▸ **What is being asked**: Would you restate the full listing word for word and omit its pictures?

▸ **Provided data**:

= = = = = = =

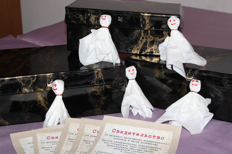 Посмеялись над игрой с признаниями. После девичника девочки в шутку искали мешок с золотом под лавками (из игры в предсказания) и с удовольствием изображали разных персонажей (игра «фанты»).
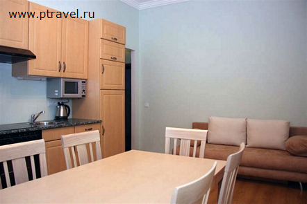 Апартаменты на 6 чел. (2+2+2).Большие апартаменты с двумя спальнями, жилой комнатой с кухонным уголком, гардеробной комнатой и ванной, 55 м2, на первом этаже здания. Есть спутниковое ТВ, компьютер с интернетом и МФЦ (принтер, копир, сканер). Стиральная машина.
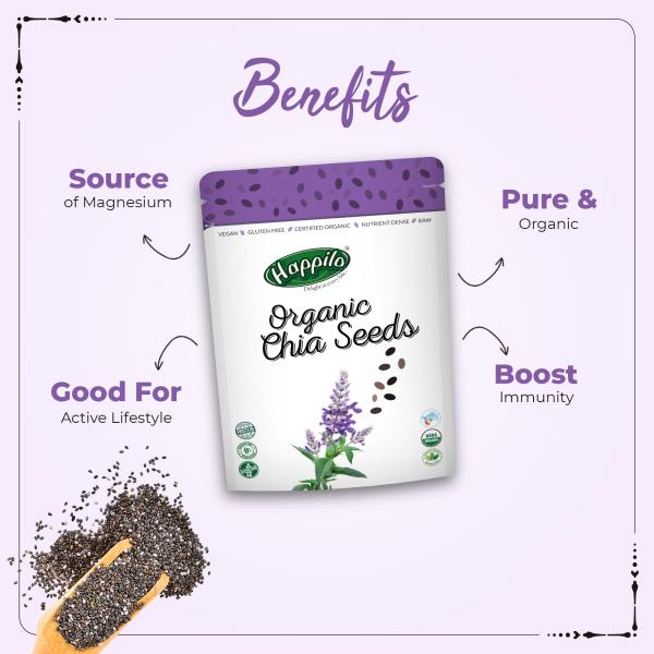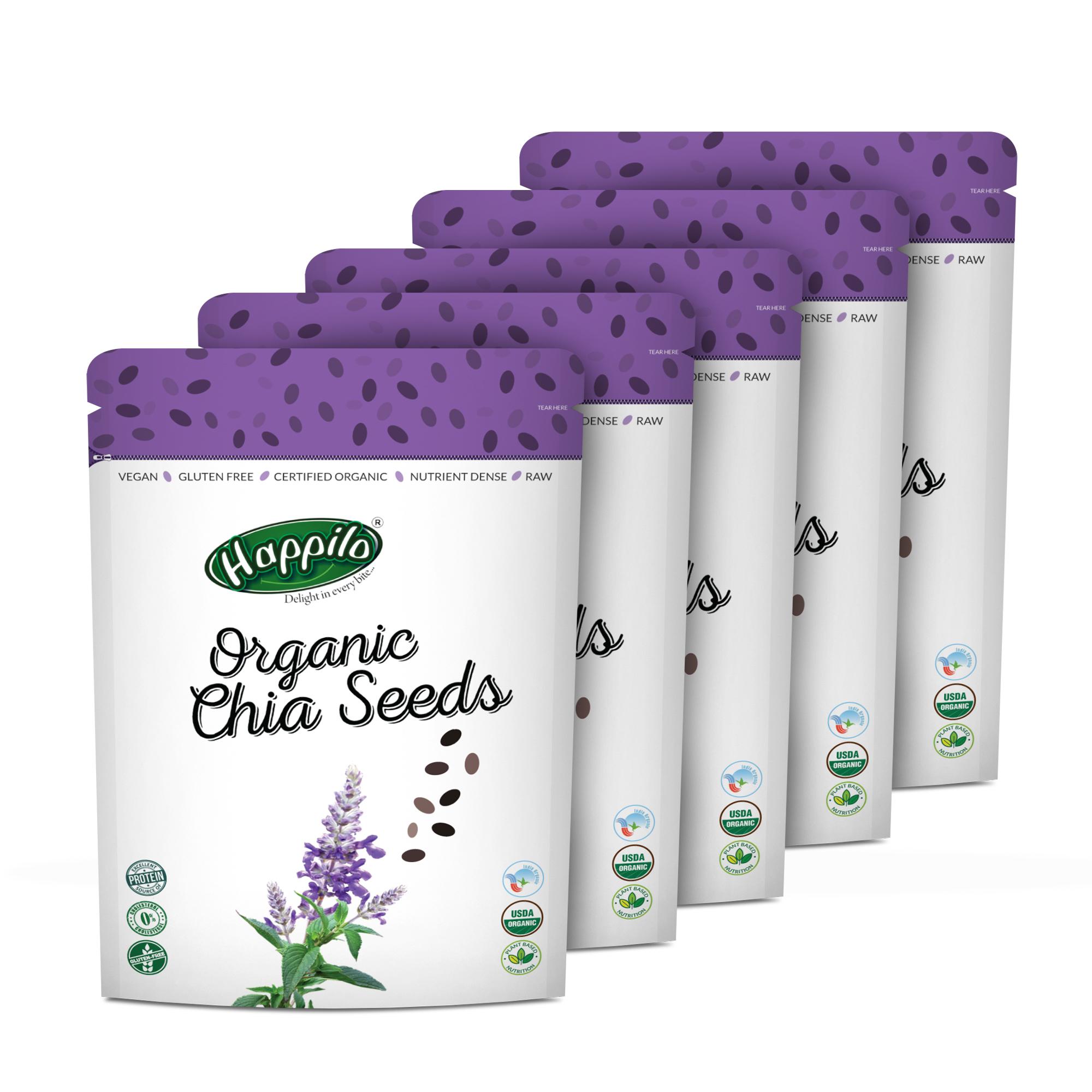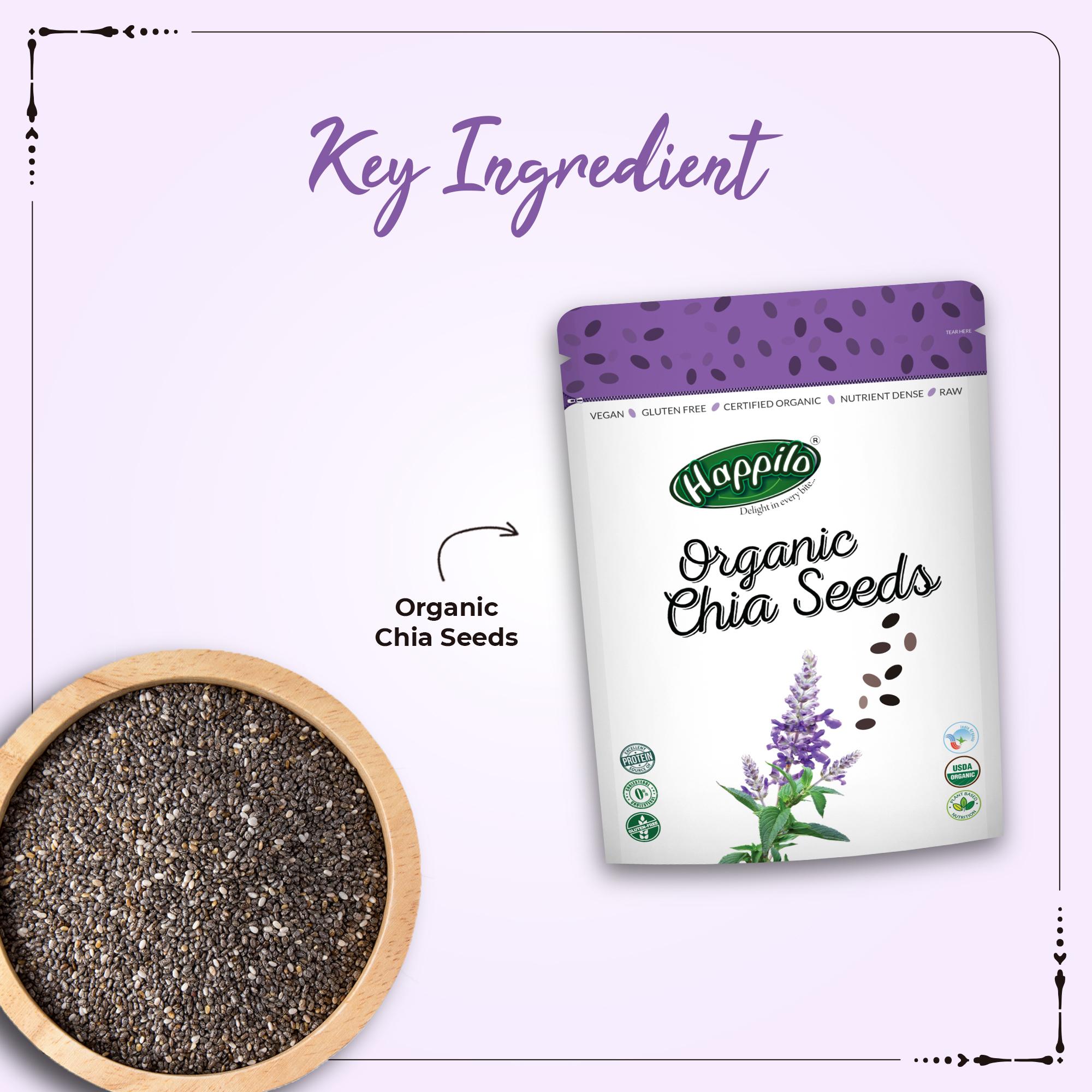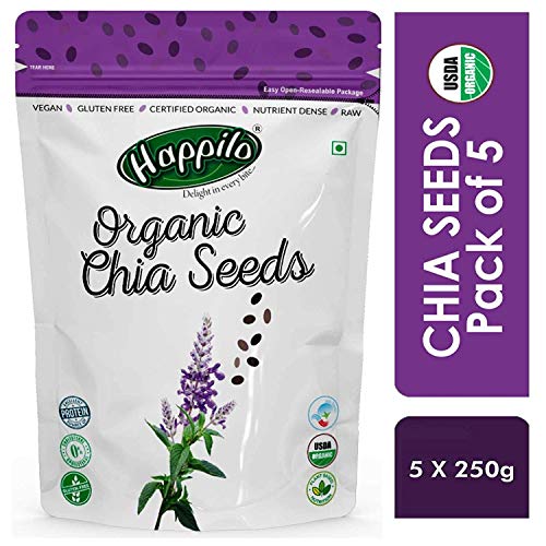 A traditionally native to South America Organic non-GMO Premium Chia Seeds pack a powerful superfood punch. These small crunchy gluten-free seeds are a rich source of protein beneficial antioxidants essential omega-3 fatty acids and wholesome fibre. A Brand that is committed to improving the quality of your life Happilo provides food that is packed with the goodness of nature and taste that will keep you wanting for more. With a range of food items across categories like Dry fruits Nuts Seeds Berries Nut Mixes and other healthy items each of our products is not only 100% Natural but is also made of 100% Whole Grains. While we stand strongly for Health wherein our products have a clear functional benefit we believe that Taste is the most important element when it comes to Snacks. We strive to bring the best range of snacks to you. Healthy Snacking with Happilo Premium Dry Fruits Nuts Seeds Berries & Nut mixes.

= = = = = = =

▸ **Answer space**:
 Посмеялись над игрой с признаниями. После девичника девочки в шутку искали мешок с золотом под лавками (из игры в предсказания) и с удовольствием изображали разных персонажей (игра «фанты»).
 Апартаменты на 6 чел. (2+2+2).Большие апартаменты с двумя спальнями, жилой комнатой с кухонным уголком, гардеробной комнатой и ванной, 55 м2, на первом этаже здания. Есть спутниковое ТВ, компьютер с интернетом и МФЦ (принтер, копир, сканер). Стиральная машина.
 A traditionally native to South America Organic non-GMO Premium Chia Seeds pack a powerful superfood punch. These small crunchy gluten-free seeds are a rich source of protein beneficial antioxidants essential omega-3 fatty acids and wholesome fibre. A Brand that is committed to improving the quality of your life Happilo provides food that is packed with the goodness of nature and taste that will keep you wanting for more. With a range of food items across categories like Dry fruits Nuts Seeds Berries Nut Mixes and other healthy items each of our products is not only 100% Natural but is also made of 100% Whole Grains. While we stand strongly for Health wherein our products have a clear functional benefit we believe that Taste is the most important element when it comes to Snacks. We strive to bring the best range of snacks to you. Healthy Snacking with Happilo Premium Dry Fruits Nuts Seeds Berries & Nut mixes.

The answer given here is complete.